U.S. Forecasts 50 Percent Cut in Iran Oil Sales
In early November, the US will apply energy sanctions on Iran as a result of the US pulling out of the Iran nuclear agreement. The Trump administration forecasts that countries will be persuaded to cut Iranian oil imports by 700,000 to 1 million barrels per day (mmbd). This is short from the original goal to halt one hundred percent of crude sales out of Iran. Last year, Iran exported 2.1 mmbd. Iran is already feeling the pressure as the state-owned National Iranian Oil Co. reduced prices to the lowest levels in fourteen years. Despite the pressure of the sanctions, multiple countries have announced they will not be cutting Iranian oil. China, who accounts for approximately 50 percent of Iran’s oil exports, said they will not cut Iranian oil. Another challenge is the European Union (EU) countries, which account for twenty percent of Iranian oil exports. Multiple EU nations vowed to continue participation in the nuclear accord and import oil from Iran. It remains uncertain whether the European oil companies will stand with their governments or cut Iranian oil to avoid US sanctions.

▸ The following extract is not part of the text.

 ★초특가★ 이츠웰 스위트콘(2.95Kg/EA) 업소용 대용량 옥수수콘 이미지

On the other hand, the US is selling more oil to India as the countries signed a short-term contract to continue their business relationship from November to January. India is Iran’s largest customer of crude oil. This is the first step in allowing US oil companies to make long-term deals with Asian markets, which is mainly dominated by Middle Eastern suppliers. This will also help India when there are supply disruptions in these Middle Eastern nations, like the sanctions on Iran. Currently, the state-owned Indian Oil company plans to continue buying oil from Iran until the government decides otherwise.

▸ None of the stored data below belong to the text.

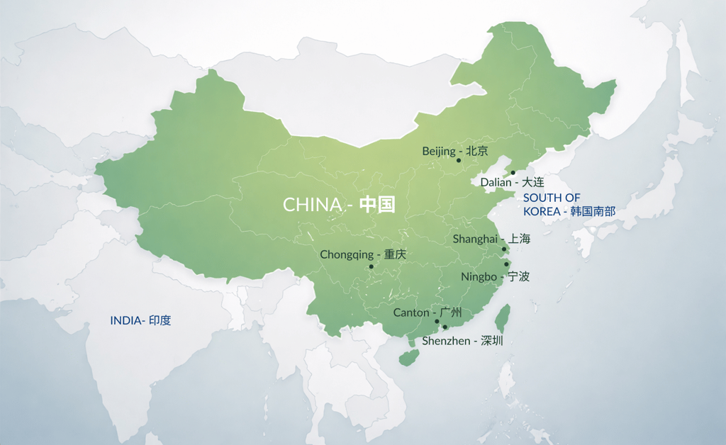 We operate throughout China as well as in several neighboring countries.
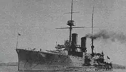Durant la Première Guerre mondiale il servit de patrouilleur dans le Pacifique sud et l'Océan indien, pour protéger les voies maritimes des attaques allemandes, dans le cadre de l'effort de guerre de l'alliance anglo-japonaise. Il participa aussi à la Bataille de Tsingtao entre le et .
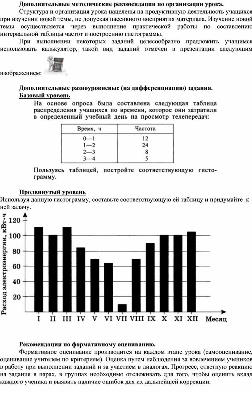 Структура и организация урока нацелены на продуктивную деятельность учащихся при изучении новой темы, не допуская пассивного восприятия материала. Изучение новой темы осуществляется через выполнение практической работы по составлению интервальной таблицы частот и построению гистограммы.
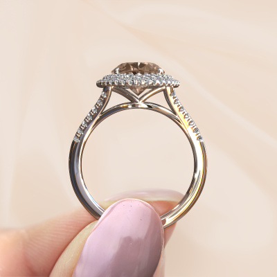 Der oben gezeigte Verlobungsring wird Elvie genannt. Es ist ein Halo Ring, da er einen zentralen Edelstein und ein Band mit Pavé-Fassung hat. Der Platin ring ist mit einem 2.70 crt oval Braun Diamant-Mittelstein besetzt und um ihn herum eine Pavé-Fassung mit Lab grown Diamant. Was diesen Vintage, Platin Pavé Solitär Ring besonders macht, sind die kleineren Steine, die den zentralen Stein umschließen. Dieser wunderschöne Verlobungsring wird als Pavé Solitär Ring bezeichnet, da die kleineren Edelsteine dem zentralen Stein einen Lichthof geben. Damit die kleineren Steine den Mittelstein verstärken, müssen sie so platziert werden, dass keine Lichteinflüsse auftreten. Und hier kommen unsere erfahrenen Goldschmiede ins Spiel. Jeder einzelne Stein wird sorgfältig von Hand in den Ring gesetzt. Während der Herstellung wird der Lichteinfall ständig überprüft. So können wir sicherstellen, dass der spezielle Lichtkranz noch sichtbar ist. Am Ende erhalten Sie einen einzigartigen Verlobungsring mit einem Braune Diamanten Ihrer Wahl in der Mitte. Sie können sich die Wirkung eines solchen Ringes vorstellen, wenn Sie ihn an ihrem besonderen Tag für sie zum Leuchten bringen. Mit unserer modernen Technik können wir Schmuckstücke von höchster Qualität mit größter Sorgfalt für Sie entwerfen und anpassen. Unsere Verlobungsringe sind immer um 30 Prozent günstiger als bei anderen Juwelieren. Wir fertigen Verlobungsringe auf Bestellung, also müssen wir keine großen Lager unterhalten. Wenn Sie ein bestimmtes Budget haben, beraten wir Sie gerne entsprechend.Haben Sie einen bestimmten Ring im Sinn? Eines, dass Sie irgendwo gesehen haben. Bitte zögern Sie nicht, uns zu sagen, was Sie wollen und wir werden Ihr Design in einen Einzigartigen Verlobungsring verwandeln. Sie können die Entwicklungen Ihres Ringdesigns verfolgen, da wir 3D-Zeichnungen verwenden. Das gibt Ihnen eine realistische Vorschau Ihres Designs. Wir senden Ihnen gerne ein unverbindliches Angebot zu einem fairen Preis/Leistungsverhältnis. Es wird Sie erstaunen.Um es einfacher zu machen, bieten wir eine kostenlose 30-tägige Rücksendung.
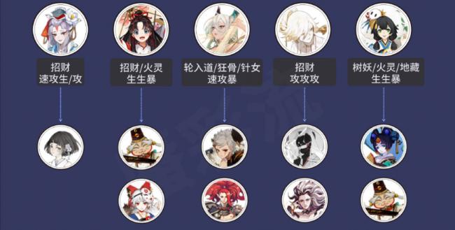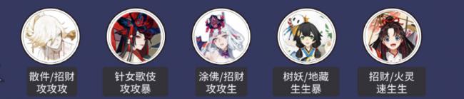 千姬队伍一速带招财或者涂佛,堆攻击和生命。缘结神和帝释天在后面行动,缘结神火灵或者招财堆治疗,帝释天可以带散件堆高攻击。日和坊带树妖或者地藏堆治疗,不需要速度。夜溟彼岸花尾速即可,带针女和鬼灵歌伎堆输出即可,夜溟彼岸花需要锁二技能,在下沉状态下可以免疫深度冰冻。
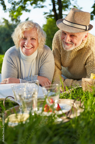 Paar Senioren macht Picknick im Garten
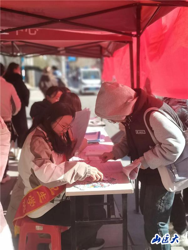 “携手防艾,你我同在”红丝带寄祝福活动中,同学们把对艾滋病人的关爱寄托在红丝带中,小小的红丝带承载着山医学子们抗艾的决心,被红丝带贴满的宣传板体现了同学们对预艾防艾事业的美好愿景。在“预艾防艾,从我做起”签名倡议活动中,志愿者们为大家讲解了艾滋病的相关知识,帮助同学们更加了解艾滋病。同学们纷纷签名,表达了对防艾事业的支持。
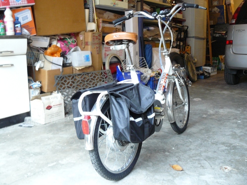 Ho pagato le batterie 100 euro tondi; il peso netto totale dichiarato è 12,7 Kg. Il giro di prova serviva anche per verificare la distanza delle sacche dai pedali. Come si può notare dalle foto, sul portapacchi ho ancora circa 10 cm di spazio verso dietro. Dalle prime impressioni in garage, montando sulla bici senza cavalletto e provando ad inclinarla da ambo i lati, sembra bene equilibrata (io temevo che tirasse a sinistra). Il rimontaggio del cestino avrebbe anche lo scopo di costringere la bisaccia verso il dietro, ma ne renderebbe l'asportazione meno agevole, quando lascio la bici lungamente incustodita. Sempre a vostra "esposizione" per commenti e suggerimenti. Ciao ! |

China’s Tariff Turnaround: U.S. Crude Removed
China imposed 25 percent tariffs on $16 billion worth of US imports. However, crude oil, which was a commodity originally on the list, did not make the final cut. In the past two years China has been the largest buyer of US crude oil as they imported nearly 20 percent of total US exports. China depends on imports for 70 percent of its energy needs, while this value is expected to increase to 80 percent by 2040. President Xi is attempting to reverse this trend by expanding domestic oil and gas exploration. This is an attempt to boost China’s energy security and be less dependent on other countries like the US, Saudi Arabia, and Russia.